The code randomly selects images from the training folder, reads the corresponding label files, converts normalized YOLO coordinates into pixel boxes, and draws them back onto the images with class names.
You can visually inspect several samples in OpenCV windows to confirm that players, referees, and the ball are being detected and labeled correctly before committing time and GPU resources to training.

Once the dataset is validated, the training script takes over.
You initialize a YOLOv8 model from a YAML configuration, point it to your custom data.yaml file that describes the train and validation image folders and the four class names, and then call the training function with parameters such as epochs, batch size, image size, and early stopping patience.
Checkpoints are saved in a dedicated project directory so you can later load the best-performing weights without digging through temporary files.

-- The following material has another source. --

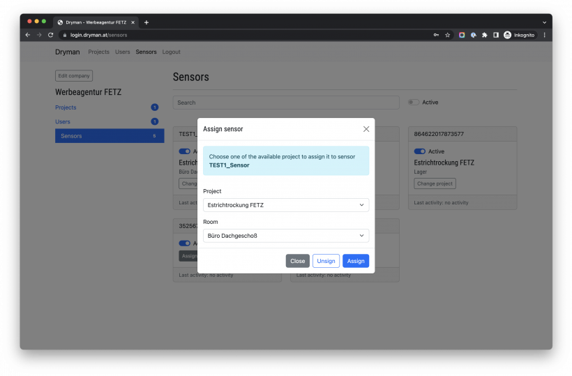 Sensoren können direkt von der Seite Projekten oder Räumen zugewiesen werden
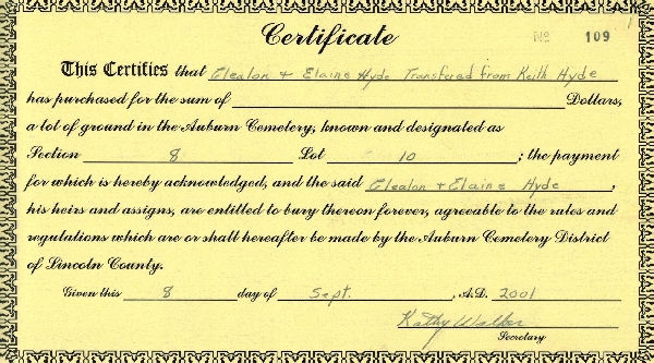 (Mouse over any thumbnail below to see a larger image of the headstone or deed.)

The final step of the code puts everything together in a live demo.
You load the best.pt weights, open a new YouTube video stream, and run YOLOv8 inference on each frame in real time.
For each detection above the chosen confidence threshold, the script draws bounding boxes and labels directly on the video frames, so you can watch the model follow players and the ball as the game unfolds.
At this point, the original goal of the code is fully realized: a complete, end-to-end pipeline that performs object detection on YouTube videos using a model you trained yourself from automatically labeled data.

Set up a clean YOLOv8 environment that won’t fight you later

When you’re training YOLOv8, small environment issues tend to show up at the worst time.
A clean Conda environment makes debugging easier because you can trust your dependencies and reproduce runs without guesswork.

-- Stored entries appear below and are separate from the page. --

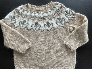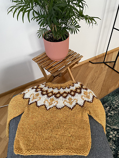 Lettlopi wool is what I used, but any yarn that fits needle sizes 3,5mm and 4,5mm is fine.
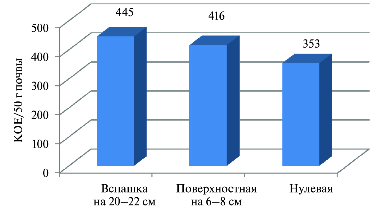 Результаты изучения динамики развития азотобактера и статистическая обработка данных свидетельствовали, что наиболее благоприятные условия для развития азотобактера складывались при вспашке, где отмечено наибольшее его присутствие со среднегодовой численностью 445 КОЕ/50 г почвы (рис. 2).
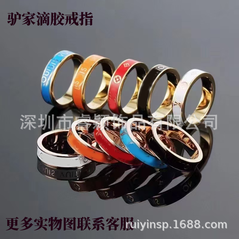 Donkey Home Resin Ring New Vintage Letter Oil Drop Enamel Ring for Women Ins High-End Fashion Titanium Steel Ring

If you have a GPU, confirm CUDA early.
If you don’t, you can still run the full pipeline on CPU for extraction, labeling, and testing—then move training to a GPU machine later.

Use the exact setup commands below:

### Create a new Conda environment named Autodistill with Python 3.8 so we can keep this project isolated. conda create --name Autodistill python=3.8 ### Activate the Autodistill environment so every package we install is scoped to this tutorial. conda activate Autodistill ### Check that the CUDA toolkit is available and verify its version on your system. nvcc --version ### Install PyTorch 2.1.1, torchvision 0.16.1, torchaudio 2.1.1, and the CUDA 11.8 runtime from the official channels. conda install pytorch==2.1.1 torchvision==0.16.1 torchaudio==2.1.1 pytorch-cuda=11.8 -c pytorch -c nvidia ### Install the Ultralytics package which provides YOLOv8 models and convenient training and inference utilities. pip install ultralytics==8.1.0 ### Install the Vidgear library so we can use CamGear to stream frames directly from YouTube videos. pip install vidgear ### Install yt_dlp in case we want to download YouTube videos instead of streaming them. pip install yt_dlp

With this environment in place, you’re ready to build a full end-to-end pipeline that connects YouTube videos to YOLOv8 object detection.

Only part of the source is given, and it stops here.